Just set it to 1.... IT WORKS!!!!  

Ran it a few times, and every time it was successful. YESSSSSSSSSSSSSSSS


----------



## EDM_v-dub (Mar 16, 2003)

Vr6DubNY said:


> So i let the car sit for 15 minutes, turned it on, put the adj to 3, ran a calibration again, and the presets work better than ever.
> 
> I find it very odd, but atleast it works and maybe this post will help someone else in the future. Not an easy subject to search for, atleast my searching skills didn't work great.


 I'm going to have to try this again. Mine does the same thing, but I think I have the adj at 6 or 7... The front works everytime, easily, but the rear has a lot of trouble consistantly hitting the pressure. I can do it quicker in manual mode... 

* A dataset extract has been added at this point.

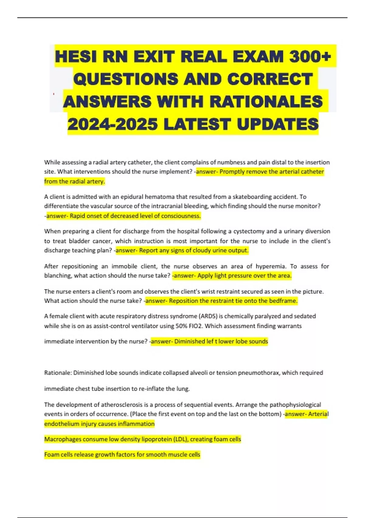 HESI RN EXIT REAL EXAM 300+ QUESTIONS AND CORRECT ANSWERS WITH RATIONALES LATEST UPDATES While assessing a radial artery catheter, the client complains of numbness and pain distal to the insertion site. What interventions should the nurse implement? -answer- Promptly remove the arterial catheter from the radial artery. A client is admitted with an epidural hematoma that resulted from a skateboarding accident. To differentiate the vascularsource of the intracranial bleeding, which finding should the nurse monitor? -answer- Rapid onset of decreased level of consciousness. When preparing a client for discharge from the hospital following a cystectomy and a urinary diversion to treat bladder cancer, which instruction is most important for the nurse to include in the client's discharge teaching plan? -answer- Report any signs of cloudy urine output. After repositioning an immobile client, the nurse observes an area of hyperemia. To assess for blanching, what action should the nurse take? -answer- Apply light pressure over the area. The nurse enters a client's room and observes the client's wrist restraint secured as seen in the picture. What action should the nurse take? -answer- Reposition the restraint tie onto the bedframe. A female client with acute respiratory distress syndrome (ARDS) is chemically paralyzed and sedated while she is on as assist-control ventilator using 50% FIO2. Which assessment finding warrants immediate intervention by the nurse? -answer- Diminished lef t lower lobe sounds Rationale: Diminished lobe sounds indicate collapsed alveoli or tension pneumothorax, which required immediate chest tube insertion to re-inflate the lung. The development of atherosclerosis is a process of sequential events. Arrange the pathophysiological events in orders of occurrence. (Place the first event on top and the last on the bottom) -answer- Arterial endothelium injury causes inflammation Macrophages consume low density lipoprotein (LDL), creating foam cells Foam cellsrelease growth factors forsmooth muscle cells HESI RN EXIT REAL EXAM 300+ QUESTIONS AND CORRECT ANSWERS WITH RATIONALES LATEST UPDATES Smooth muscle grows over fatty streaks creating fibrous plaques Vessel narrowing results in ischemia Following a motor vehicle collision, an adult female with a ruptured spleen and a blood pressure of 70/44, had an emergency splenectomy. Twelve hours after the surgery, her urine output is 25 ml/hour for the last two hours. What pathophysiological reason supports the nurse's decision to report this finding to the healthcare provider? -answer- Oliguria signalstubular necrosis related to hypoperfusion A nurse-manager is preparing the curricula for a classfor charge nurses. A staffing formula based on what data ensures quality client care and is most cost-effective? -answer- Skills of staff and client acuity When performing postural drainage on a client with Chronic Obstructive Pulmonary Disease (COPD), which approach should the nurse use? -answer- Explain that the client may be placed in five positions A client presents in the emergency room with right-sided facial asymmetry. The nurse asks the client to perform a series of movements that require use of the facial muscles. What symptoms suggest that the client has most likely experience a Bell's palsy rather than a stroke? -answer- Inability to close the affected eye, raise brow, or smile The nurse is teaching a client how to perform colostomy irrigations. When observing the client'sreturn demonstration, which action indicated that the client understood the teaching? -answer- Keeps the irrigating container less than 18 inches above the stoma

The one thing that has come to my attention recently is that my rear is probably twice as fast to inflate/deflate as the front. I've gotta assume that's part of the issue.


----------



## Squirrel Nuts (Aug 25, 2010)

TeamZleep said:


> Just set it to 1.... IT WORKS!!!!
> 
> Ran it a few times, and every time it was successful. YESSSSSSSSSSSSSSSS


 :thumbup: :thumbup:


----------



## TeamZleep (Aug 28, 2007)

Squirrel Nuts said:


> :thumbup: :thumbup:


 Thank you so much for the advice! I freaking LOVE this setup... I'll never go static low again...


----------